Depuis 2015, le chasseur de loisir doit se présenter périodiquement au test de tir dans tous les cantons.
Le chasseur de loisir tire au total huit coups, quatre avec de la chevrotine et quatre avec des balles. Ces dernières sont tirées d'une distance de 100 mètres sur une cible de dix. Sont considérés comme touches les huit, neuf et dix. Avec le fusil, le chasseur de loisir tire à 30 mètres sur une cible mobile, comme un pigeon d'argile. Avec les huit coups au total, le tireur doit enregistrer une touche. Sinon, l'examen est considéré comme échoué. Cependant, le chasseur de loisir dispose d'un nombre illimité de tentatives. Autrement dit : même le moins doué ou l'aveugle pourra probablement un jour présenter suffisamment de touches.
Concernant la précision de tir, il n'y a pas de grands changements depuis l'introduction du test de tir périodique selon les chiffres des accidents de chasse et des recherches.
Selon les données de la statistique fédérale de la chasse, en 2023, 43 cerfs élaphes, 132 chevreuils, 11 chamois, 30 sangliers, 57 renards, 8 blaireaux, 1 lièvre ont été trouvés morts à l'échelle nationale avec des blessures par balle – 282 animaux.
Ces cadavres trouvés ne représentent naturellement qu'une fraction du gibier mort réellement présent : les animaux sauvages morts sont principalement découverts en bordure de routes, dans les zones de sentiers de randonnée très fréquentés ou sur les itinéraires de contrôle et d'affût des gardes-chasse et des chasseurs de loisir.
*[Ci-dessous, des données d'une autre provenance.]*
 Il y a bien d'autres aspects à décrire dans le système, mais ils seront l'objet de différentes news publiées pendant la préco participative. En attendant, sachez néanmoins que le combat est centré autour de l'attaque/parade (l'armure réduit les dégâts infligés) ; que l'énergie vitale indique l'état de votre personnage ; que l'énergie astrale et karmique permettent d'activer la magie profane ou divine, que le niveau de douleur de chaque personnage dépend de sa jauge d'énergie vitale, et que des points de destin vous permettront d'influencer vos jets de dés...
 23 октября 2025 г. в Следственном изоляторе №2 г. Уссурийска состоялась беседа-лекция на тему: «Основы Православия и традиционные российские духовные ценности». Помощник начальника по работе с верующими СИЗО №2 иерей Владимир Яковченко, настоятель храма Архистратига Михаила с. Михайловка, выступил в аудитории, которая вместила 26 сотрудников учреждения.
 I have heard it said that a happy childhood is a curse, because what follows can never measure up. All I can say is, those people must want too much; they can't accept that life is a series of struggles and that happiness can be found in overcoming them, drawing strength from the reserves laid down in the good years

Il faut supposer que les animaux sauvages périssent aussi loin des routes et des chemins dans des terrains inaccessibles aux humains (haute montagne, fourrés épais) et que leurs cadavres sont rapidement « éliminés » par les nécrophages. C'est pourquoi la statistique du gibier mort ne reflète elle aussi que la pointe de l'iceberg concernant les animaux sauvages blessés par balles.
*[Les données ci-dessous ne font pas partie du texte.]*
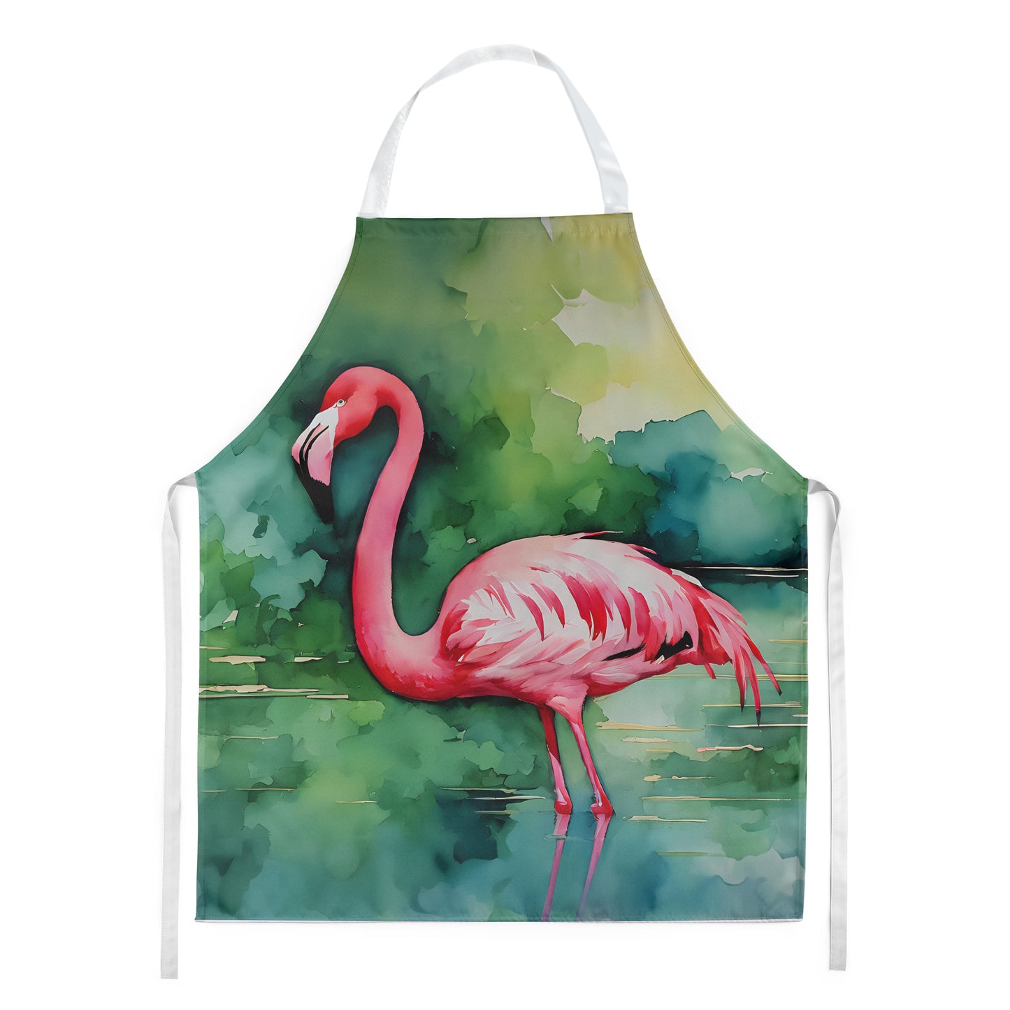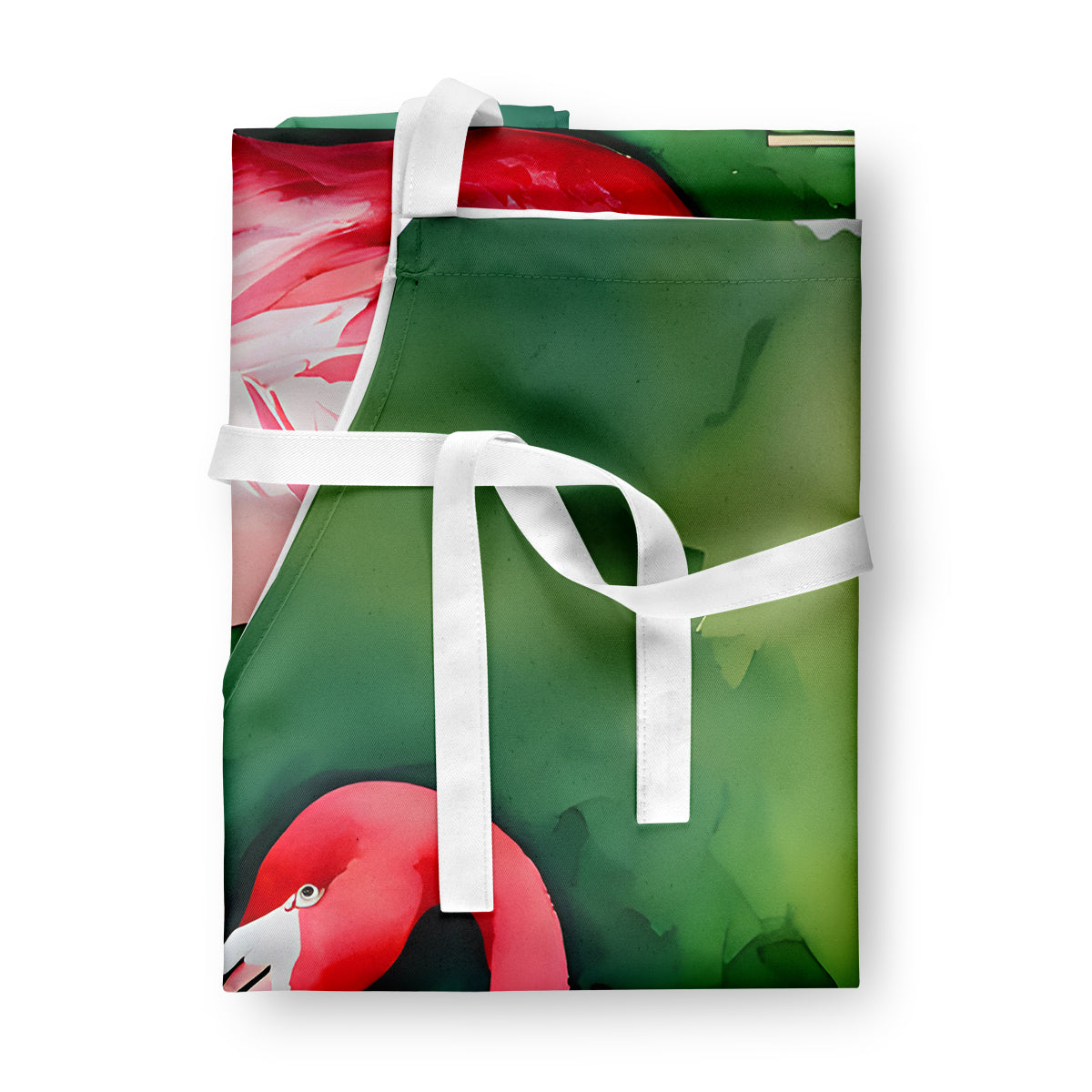 Apron featuring breed specific Flamingo artwork. Elevate your cooking, baking, and grilling experiences with our versatile Kitchen or BBQ Apron. This Bib Style apron isn't just limited to culinary activities - it also serves as an excellent baking apron, artist apron, server apron, gardening apron, or even a dog grooming apron. The apron showcases vibrant full-color artwork contributed by one of our talented artists, bringing a dash of style to your daily tasks. With dimensions of approximately 27"W x 30"H, it provides ample coverage to protect your clothing from spills and splashes. Our apron is meticulously crafted from 100% Ultra Spun Polyester, known for its durability and lightweight nature. The apron comes with white tie straps, ensuring a comfortable and adjustable fit for all. It's a perfect choice for kitchen apron enthusiasts, whether you are a woman or a man. Designed for easy maintenance, this apron is fully machine washable. The quick-drying polyester material actively reduces staining, keeping your apron looking fresh and new for longer. Our beautifully designed apron isn't just a functional kitchen accessory - it's a fashion statement in the culinary world!

Tous les animaux répertoriés comme « abattus » dans les statistiques de chasse ne sont pas non plus morts au premier coup. Dans le seul canton des Grisons, quelque 450 à 500 recherches d'animaux blessés sont effectuées chaque année rien que pour les cerfs. Jusqu'à 50 % des animaux blessés par balles ne sont pas retrouvés lors de la recherche. Une recherche n'est d'ailleurs pas effectuée pour toutes les espèces animales.
On peut affirmer avec certitude que chaque année, des milliers d'animaux sauvages sensibles sont blessés par balles par des chasseurs de loisir, qui ne peuvent être délivrés de leurs souffrances par la recherche – et tous ces animaux sont exposés à de lourdes contraintes (peur, douleur, stress).
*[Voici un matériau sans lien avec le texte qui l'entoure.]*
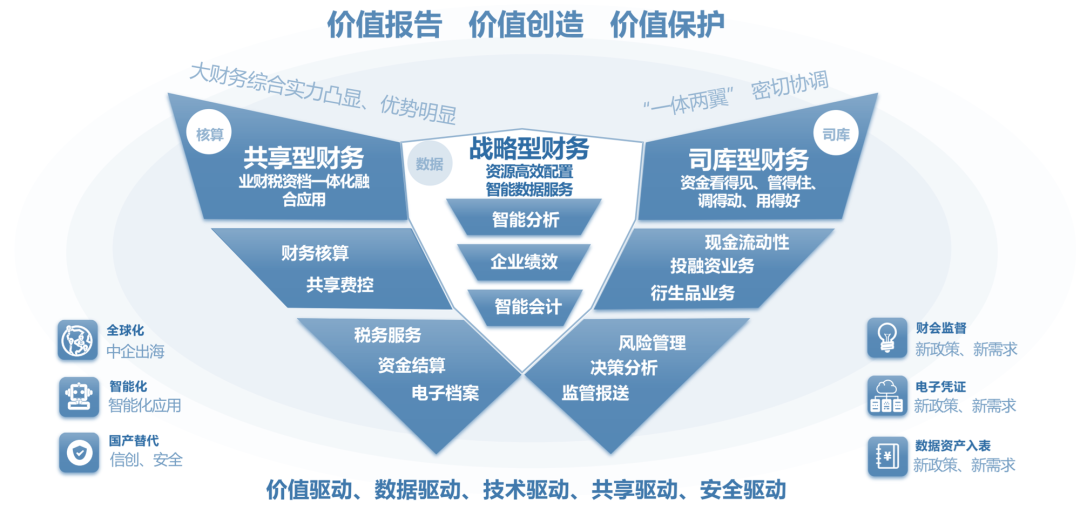 国企财务数字化转型的核心在于构建“价值创造型”财务体系。数字财务事业部以数据治理为基础,以司库与共享中心为双轮驱动,推动财务职能从“合规记录者”向“价值创造者”跃迁。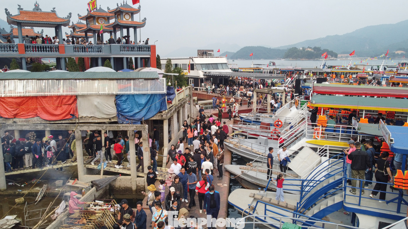 PV báo Tiền Phong ghi nhận trong ngày 18 và 19/2 (tức mùng 9 và mùng 10 tháng Giêng), khu vực cảng Thung Nai tấp nập khách thập phương.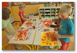 Naši mali ustvarjalci so popoldan v podaljšanem bivanju preživeli kot čisto pravi slikarji. Podobno kot tetka jesen so zavihteli čopiče in na risalnih listih pričarali barvit jesenski vihar.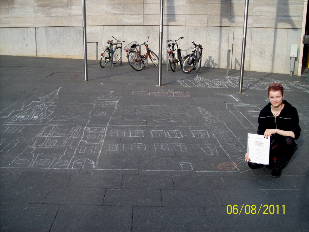 Die Witterung meinte es dieses Mal gut mit den Pflastermalern. Den ersten Platz des Kreidemalwettbewerbes belegte Jenny Schartau, die auch bei ihrer Arbeit von TV Halle gefilmt wurde (Sendung des TV-Beitrages am Abend des 8.8.2011). Der Juror, Maler und Grafiker Klaus Rebsch, würdigte ihr Talent und den Blick für das Detail.

Le modèle du canton de Genève
Bien que dans le canton de Genève les gardes-chasse tirent dans l'obscurité, 99,5 pour cent des animaux abattus sont morts instantanément. La souffrance est « minime », tout comme le stress pour les animaux non abattus. Il n'y a presque aucun cas où des animaux ont survécu blessés à un tir. Le canton de Genève a une interdiction de chasse pour les chasseurs de loisir depuis 1974, mais un contrôle des populations d'animaux sauvages par des gardes-chasse professionnels. Il n'y a donc pas de saisons de chasse pour les chasseurs de loisir, comme dans les autres cantons. Les animaux sauvages bénéficient dans le canton de Genève d'une période de protection toute l'année en premier lieu.
Les tirs sanitaires effectués par les gardes-chasse ne sont pas la même chose qu'une décimation absurde d'espèces d'animaux sauvages par des chasseurs de loisir, basée sur du jargon de chasseur ou une expérience de la nature mal comprise.
Ainsi, à Genève, quelques centaines d'animaux en moyenne par an sont abattus par des professionnels qui sont sur le terrain quotidiennement, alors que ce sont bien plus de 100'000 animaux sauvages (dont une partie ne sont que gravement blessés par des chasseurs amateurs et doivent souvent agoniser pendant des jours) dans les autres cantons.